無教会においては、この《恩寵義認》は、洗礼・聖餐を救いの条件としない無条件の救済論に直結する。

無教会は明確に、恩寵義認に基(もと)づく《無条件救済論》に立つ。

そして無条件の救済論は、本当に喜ばしい《福音》としての《万人救済》を予想させる(注7)

 

一方、制度教会(プロテスタント諸教会)は、洗礼・聖餐式にあずかることを事実上、救いの条件とする「条件付き」救済論に立脚している(注8)

条件付き救済論は、《祭儀(さいぎ)宗教の残滓(ざんしを混じた救済論であり、純福音と呼ぶことはできない

6. 人間の序列化-《求道者》と《教会員》

条件付き救済論は、教会の儀礼(洗礼・聖餐を中心とするサクラメント)の受容程度に応じて、しばしば人を区分し、序列化し、ときに分断する。

 

制度教会においては、洗礼を受けていない者は《求道者》と呼ばれ、洗礼を受けた《教会員》(「救われた人間」)とは、明確に区別される。

 

求道者は、あくまでも「信者見習い」(「まだ、救われていない人間」)であって、洗礼を受けて初めて「一人前」と見なされる。

この「区別」は、容易に《差別》に転化する。

7. 「聖餐式」の排他性

実際、日本で最も大きいキリスト教団の規約(教憲・戒規)は、「聖餐は、バプテスマ(洗礼)を受けた信徒があずかるものとする」と定めている(準則第8条①、( )内は補足)。

 

この規定を盾に、この教団本部は各教会に対し実質的に、洗礼を受けていない《求道者》が聖餐にあずかることを禁止するとともに、これに従わない教職(牧師)は排除する方針をとっている。

 

確かに、教団本部の公式見解に反して、非受洗者の陪餐(ばいさん)を許可している各個教会も少数ある。

 

だが教団執行部は、未洗礼者への聖餐開放を公けにした牧師に対し、免職処分で応じている。

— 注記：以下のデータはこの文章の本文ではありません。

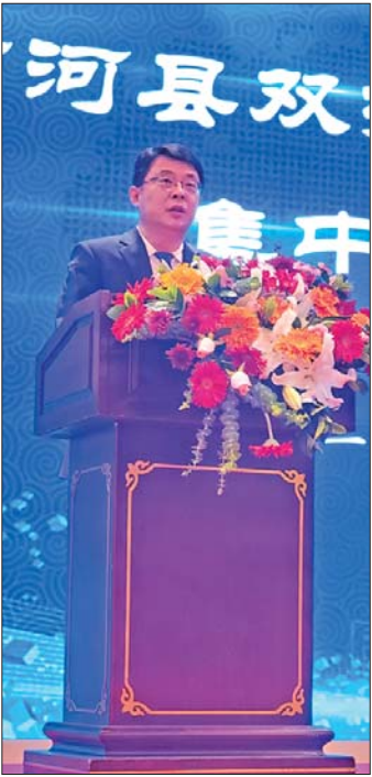
商河县委书记翟军致辞。

在疫情防控形势逐渐明朗的当下,该县又推出了今天这种主、分会场同步签约的新模式。线上见证,线下握手同频共振,网络视频、融媒直播交相辉映,共同助推项目早签约早落地。

(2010年1月26日、当時、横浜市のK教会の牧師であった北村慈郎氏に対し「牧師職免職の戒規処分」が下された。新教コイノニア Vol. 31『戒規か対話か』新教出版社参照)

 

このように、制度教会の聖餐排他的、かつ閉鎖的な面があることは、否定しがたいであろう

8. イエスの開かれた食卓

聖餐式根拠は、イエスと弟子たちでもたれた《最後の晩餐》とされる(マルコ 14:22~25)。

背後に、また、その基層にある《イエスの共食(きょうしょく)》は、平等かつ平和で、無限の交わりの可能性に開かれたものであった。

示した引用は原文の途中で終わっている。